The Benediktenwand near Llengries in Bavaria
Saturday – another Groundhog Day. Every day since mid March the sun has shone, the wind has blown and the lockdown has continued. We seem to be getting our weather in multi-week chunks now. For six weeks in February and March we were battered by various storms rolling in from the Atlantic every three days. Trees were uprooted and fields were flooded and then along came Corona and the weather stopped. We are living in a slightly greener version of Southern California. I wish it would rain.
Due to this unseasonably long period of warm dry weather, the trees are going crazy. I know the birch trees are spreading pollen because I wake up sneezing every morning. I’m used to this – birch pollen ensure that for three weeks every year I have snotty hayfever symptoms. I take my tablets and use eyedrops so am able to deal reasonably well with it now. Before people knew that sneezing was not a Corona symptom I would get some funny looks but it’s otherwise no big deal. More irritating are the spruce trees that are having a bumper spring spreading their yellow pollen everywhere.

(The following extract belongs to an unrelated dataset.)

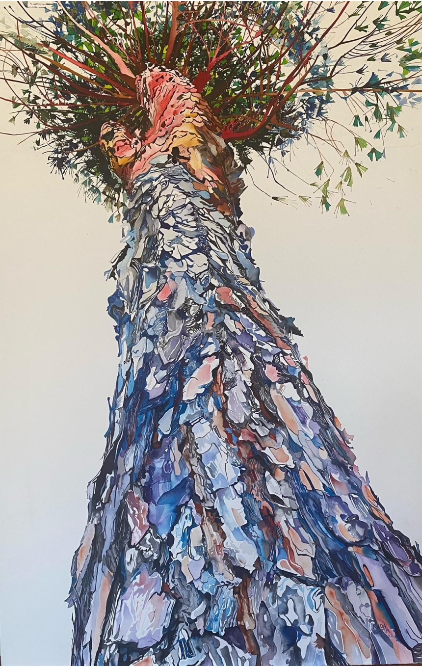 Elle travaille l'encre de Chine et l'acrylique liquide qu'elle dilue sur des papiers de coton. Elle les maroufle ensuite sur des toiles. C’est un bonheur qui émane de son art et qui se transmet à travers ses forêts vierges et multicolores. «Je ressens le lien de mon corps, de mon être à la terre, à la création. Je dessine ces arbres, ces corps entremêlés avec les herbes folles dans une énergie d’amour, pour réveiller la nature profonde et sauvage qui est en nous. Réveiller la pureté, l’unicité, la soif de vivre.»

Every five or six years the spruces have a so-called “Mastjahr” (mast year) with a much higher pollen production than usual. I have lived through a few of these, and they are spectacular. In my younger days when the dust in my flat was thick enough to absorb the yellow pollen without me noticing, I thought it was quite cool. I specifically remember when I first encountered this phenomenon – it was during the spring of 1992. Back then I worked for a paraglider manufacturer and was working at a trade-show/flying-meeting in Bavaria when I saw the effects of the Mastjahr for the first time. After I’d done my shift on the stand I was allowed to go flying in the late afternoon. I took the chairlift to launch and took off into gentle rising air. My plan was to fly along to the end of a long ridge behind take-off and then return for a nice beer in the landing field. To make it along the ridge and back I would need to circle up in several thermals (warm currents of rising air). Normally there is a skill to finding thermals – you need to have a good understanding of micro-meteorology to guess where a thermal might be and use your powers of observation to look for clues such as circling birds or insects being pulled toward the lifting air. But on this day, no such skill was needed. Every few hundred metres you could see yellow pollen-filled columns of rising air. It was the easiest “cross-country” flight I’d ever done. The paragliding equivalent of shooting fish in a barrel. I loved it. I had a wonderful flight along the “Benediktenwand” (see pic).
Times have changed. I don’t find the yellow pollen so helpful any more. Being a middle-aged owner of a house with a patio and garden furniture takes all the fun out the pollen. It’s terrible this year – which isn’t even an official Mastjahr! We were covered in spruce pollen two years ago so everyone thought we’d have another 5 or 6 year break until it happened again. But no, the dry spring has apparently upset the rhythm so here we are again. Everything is yellow. Cars really show it. I live in the middle of Mercedes territory and everybody cleans their cars religiously – except for now. There’s no point. As soon as you leave the car wash, a film of fresh pollen settles again. I am a poor car-washer and used to having a grubby vehicle so I take some comfort in knowing that the pollen is irritating the good burgers of Schönaich more than me.
Ariane had a day off yesterday and decided to spend it working in the garden. This involved a thorough cleaning of the garden furniture (which is black) which proved to have been futile after an hour of pollen bombardment. I did think of commenting, “Yellow is the new black” but seeing as I had no involvement in any of the cleaning I thought it better to keep a low profile.
The good news is that on Tuesday the high pressure system will collapse, and we are forecast to get a whole day of rain and possibly thunderstorms. I’m looking forward to this. I’m already dreaming of the air being cleansed and seeing little yellow streams transporting the horrible stuff away. No more hayfever, no more yellow car. Bliss.
Bis bald,
Matthew
Wunderbar..
Yellow – there’s you mentioning paragliders and me thinking parachutes, and also expecting some Coldplay reference 😉
My posts are middle age / middle class enough
without dragging Coldplay in
You write so well, Matthew – it’s as if I can hear you talking to me. Latest blog interesting and informative as usual, thanks so much.